Tansey's chosen medium is nearly as exacting as a fresco: starting with what appears to be a blank canvas, the artist has already applied a layer of gesso upon which he applies a wash of his monochromatic color of choice. Using a type of erasure, Tansey coaxes his image to appear, creating form by manipulating the paint through wipes or pulls executed through a host of tools and techniques that expose the white ground underneath. Paradoxically, through the subtraction of paint, Tansey adds to the canvas's composition, turning his seemingly destructive tendencies into creative ends. As the work dries, different forms and effects emerge that both incorporate time and temporality into his painting strategy. The result is a surface which has become a physical document of his process.

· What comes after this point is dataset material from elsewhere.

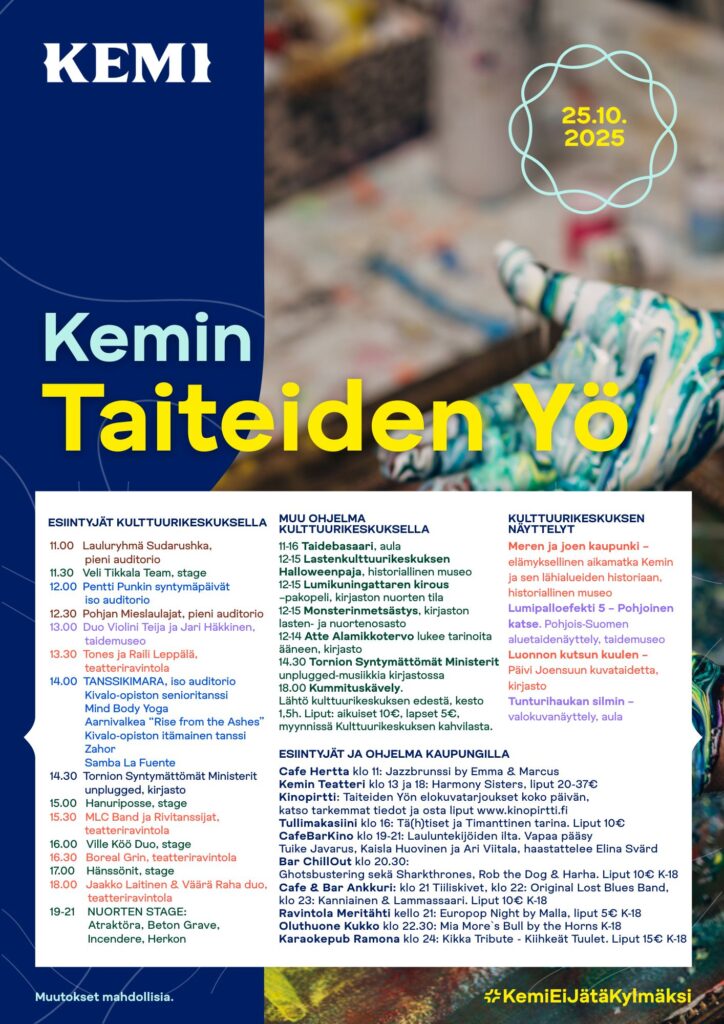 Kaupungin tapahtumatoimisto, kulttuuripalvelut ja nuorisotyö järjestävät kulttuurikeskuksella koko päivän tapahtuman, minkä lisäksi kaupungin yritykset ja yhdistystoimijat järjestävät monipuolista ja tasokasta ohjelmaa. Taiteiden yön ohjelmaa päivitetään tälle sivulle sitä mukaa kuin sisällöt varmistuvat!

Clearly engaged with the postmodern discourses surrounding representation, Tansey went one step further by literally incorporating text into the very texture of the work itself. In Bridge over the Cartesian Gap, the lines of text from de Man's book metamorphose into the strata of sedimentary rock. This texture is created by the careful layering and overlaying of silk-screened text from which figures gradually emerge. As images become formed by text, it becomes apparent that there is a graphic dimension to all writing. Through these investigations in 1990, Tansey noted that "it became apparent that texts are representations. Furthermore, representations are texts-- inasmuch as they are the objects of textual analysis. Questions followed. How could a text be critical if the meaning of a text is indeterminate? What made anyone think that the painted representations were limited to one meaning? Or only to the past?" (M. Tansey, quoted in "Notes and Comments," in A.C. Danto, Mark Tansey: Visions and Revisions, New York 1992, p. 132). Faulted and fissured, his rock formations composed of layers of text that has been underscored or crumpled before silk-screening are not fixed, structured, anchored and convey no certifiable meaning. In his Blindness & Insight, de Man asserts that critics who engage in close reading are blind to their own assumptions and consequently misinterpret what they read: "Literary texts are themselves critical but blinded, and the critical reading of the critics tries to deconstruct the blindness" (P. de Man, Blindness and Insight: Essays in the Rhetoric of Contemporary Criticism, Minneapolis 1971, p. 141). Tansey's Bridge over the Cartesian Gap is a tongue-in-cheek reference to his own investigations in light of de Man's argument in his purposeful indistinguishing of the textual and the pictorial in his work.